WARNING: SPOILERS AHEAD & Triggering Coming Out-Based Content

It’s no huge secret that there’s a new lesbian holiday movie out called Happiest Season. At first, we were ecstatic. After seeing it, however, some lesbians are not quite as in love with the film as they thought they would be (Like AfterEllen’s own, hear more on our podcast).

Let’s back it up.

For those of you of haven’t seen Happiest Season, on the surface it seems to be wonderful lesbian representation. Directed by Clea DuVall and starring Kristen Stewart and Aubrey Plaza… you really cannot go wrong!

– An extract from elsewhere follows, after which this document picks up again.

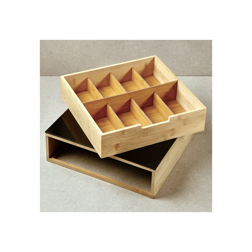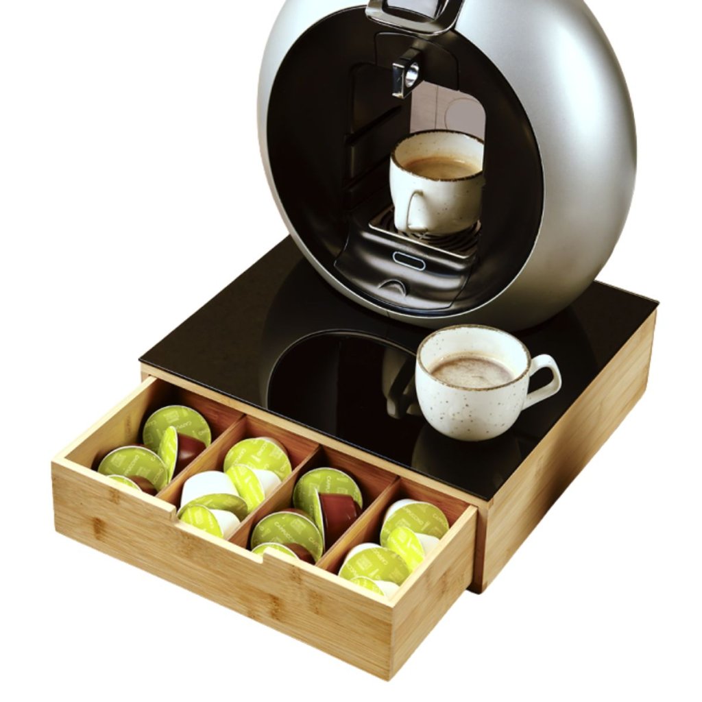 ✔ Zásuvka s 8 priehradkami – ideálne na kapsule, čaje, vrecká, lyžičky, kancelárske potreby

Happiest Season is about Harper (played by Mackenzie Davis) bringing her girlfriend Abby (played by Kristen Stewart) home for the holidays. However, Harper has not come out to her rather conservative parents yet, and tells her family that Abby is simply her roommate. As the story unfolds, viewers are in for a tumultuous ride, one that many lesbians have been through before.

The buzz around this film was insane, as lesbians and bi women around the world shared in their excitement. Understandably so, because it’s definitely time we have a lesbian holiday film. It was a chance to normalize lesbian relationships, and shift the focus off of stereotypes and instead enjoy a sweet, wholesome, home-for-the-holiday’s film. Right?

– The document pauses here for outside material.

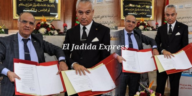 تواصل كلية العلوم القانونية و الاقتصادية والاجتماعية التابعة لجامعة شعيب الدكالي بالجديدة، انفتاحها على المحيط السوسيو إقتصادي بقيادة عميدها الأستاذ الدكتور خليل بنخوجة و تنزيلا لروح مشروع تطوير الجامعة 2019-2023 برئاسة الأستاذ الدكتور يحيى بوغالب، حيث عقدت إتفاقية شراكة و تعاون مع المحكمة الإبتدائية بسيدي بنور تحت اشراف رئيسها الأستاذ خالد خلقي و منسقها الأستاذ الدكتور محمد جراف من جانب كلية الحقوق بالجديدة، و ذلك خلال فعاليات الندوة الوطنية حول موضوع “التشريع العقاري والتنمية بالمغرب”، المنعقدة يومه الخميس 28 نونبر 2019 على الساعة العاشرة صباحا.

Unfortunately, that’s not how Happiest Season played out, and lesbians were not having it. The focus of the film quickly became about Harper being in the closet, and the confusing tension that causes for Abby. Yet another coming out story. Harper does not ever come out on her own, either; she is outed by her sister Sloane (played by Alison Brie) during a holiday party. Thus, this particular scene and the ones to come are incredibly triggering to many lesbians and bisexual women in the community, as it mirrors their own personal experiences. Yikes.

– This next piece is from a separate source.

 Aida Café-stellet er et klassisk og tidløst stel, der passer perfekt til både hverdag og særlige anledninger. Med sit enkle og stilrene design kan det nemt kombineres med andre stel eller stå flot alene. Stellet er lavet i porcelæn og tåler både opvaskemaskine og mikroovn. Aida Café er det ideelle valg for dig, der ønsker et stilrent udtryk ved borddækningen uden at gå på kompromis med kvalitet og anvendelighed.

“I think the part that triggered me the most in Happiest Season is when Sloane outs Harper because my brother did the same thing to me and my instinct reaction was to deny like Harper did and it hurt so bad. I really hate myself for it,” Les Mell said on Twitter.

“Leave it to lesbians to call a movie ‘Happiest Season’ and it’s 1 hour and 40 minutes of abject emotional suffering,” Twitter user Jes Tom said.

Speaking of coming out, Happiest Season does not live up to its name. It is yet another coming out centered film, and lesbians had a lot to say about that too.

Not to mention, not all the actresses in the film were lesbians or bisexual, for that matter.

In an interview with Variety, Stewart comments on this saying, “I would never want to tell a story that really should be told by somebody who’s lived that experience. Having said that, it’s a slippery slope conversation because that means I could never play another straight character if I’m going to hold everyone to the letter of this particular law. I think it’s such a gray area.”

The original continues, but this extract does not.